**PROBLEM REQUIREMENTS**
Images are not part of the copy; transcribe all the data exactly.

**DATA**
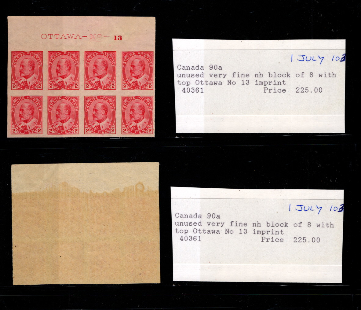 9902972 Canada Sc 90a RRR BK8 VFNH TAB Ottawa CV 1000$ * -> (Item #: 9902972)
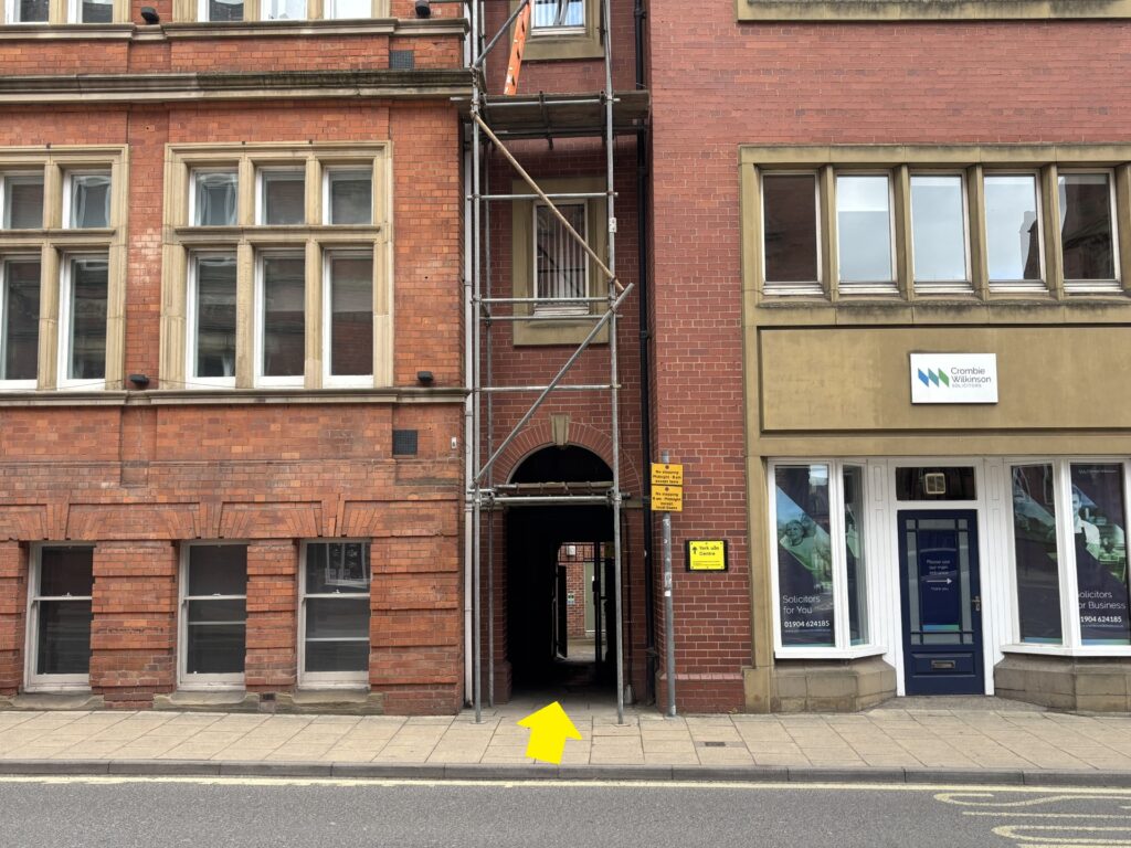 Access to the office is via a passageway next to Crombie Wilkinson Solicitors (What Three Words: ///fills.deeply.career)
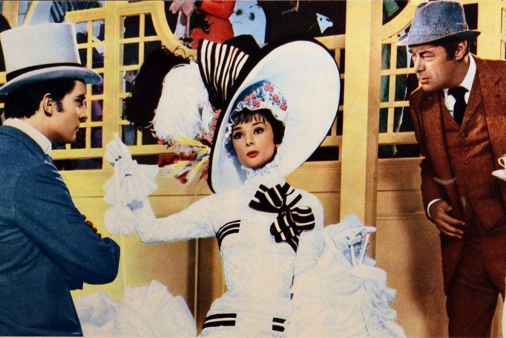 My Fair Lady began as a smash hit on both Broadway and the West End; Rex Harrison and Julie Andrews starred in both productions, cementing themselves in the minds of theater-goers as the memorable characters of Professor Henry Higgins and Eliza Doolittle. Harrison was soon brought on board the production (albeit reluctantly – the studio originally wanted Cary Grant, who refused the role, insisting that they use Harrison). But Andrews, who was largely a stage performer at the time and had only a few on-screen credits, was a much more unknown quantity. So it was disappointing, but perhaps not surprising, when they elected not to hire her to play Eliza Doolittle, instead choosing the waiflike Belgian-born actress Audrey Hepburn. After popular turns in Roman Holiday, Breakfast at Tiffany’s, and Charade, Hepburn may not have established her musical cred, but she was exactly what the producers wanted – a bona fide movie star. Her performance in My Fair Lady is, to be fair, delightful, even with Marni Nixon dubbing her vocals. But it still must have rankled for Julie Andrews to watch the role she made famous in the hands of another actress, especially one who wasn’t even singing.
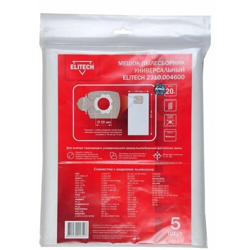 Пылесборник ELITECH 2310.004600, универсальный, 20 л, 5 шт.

**WRITTEN RESPONSE**
 9902972 Canada Sc 90a RRR BK8 VFNH TAB Ottawa CV 1000$ * -> (Item #: 9902972)
 Access to the office is via a passageway next to Crombie Wilkinson Solicitors (What Three Words: ///fills.deeply.career)
 My Fair Lady began as a smash hit on both Broadway and the West End; Rex Harrison and Julie Andrews starred in both productions, cementing themselves in the minds of theater-goers as the memorable characters of Professor Henry Higgins and Eliza Doolittle. Harrison was soon brought on board the production (albeit reluctantly – the studio originally wanted Cary Grant, who refused the role, insisting that they use Harrison). But Andrews, who was largely a stage performer at the time and had only a few on-screen credits, was a much more unknown quantity. So it was disappointing, but perhaps not surprising, when they elected not to hire her to play Eliza Doolittle, instead choosing the waiflike Belgian-born actress Audrey Hepburn. After popular turns in Roman Holiday, Breakfast at Tiffany’s, and Charade, Hepburn may not have established her musical cred, but she was exactly what the producers wanted – a bona fide movie star. Her performance in My Fair Lady is, to be fair, delightful, even with Marni Nixon dubbing her vocals. But it still must have rankled for Julie Andrews to watch the role she made famous in the hands of another actress, especially one who wasn’t even singing.
 Пылесборник ELITECH 2310.004600, универсальный, 20 л, 5 шт.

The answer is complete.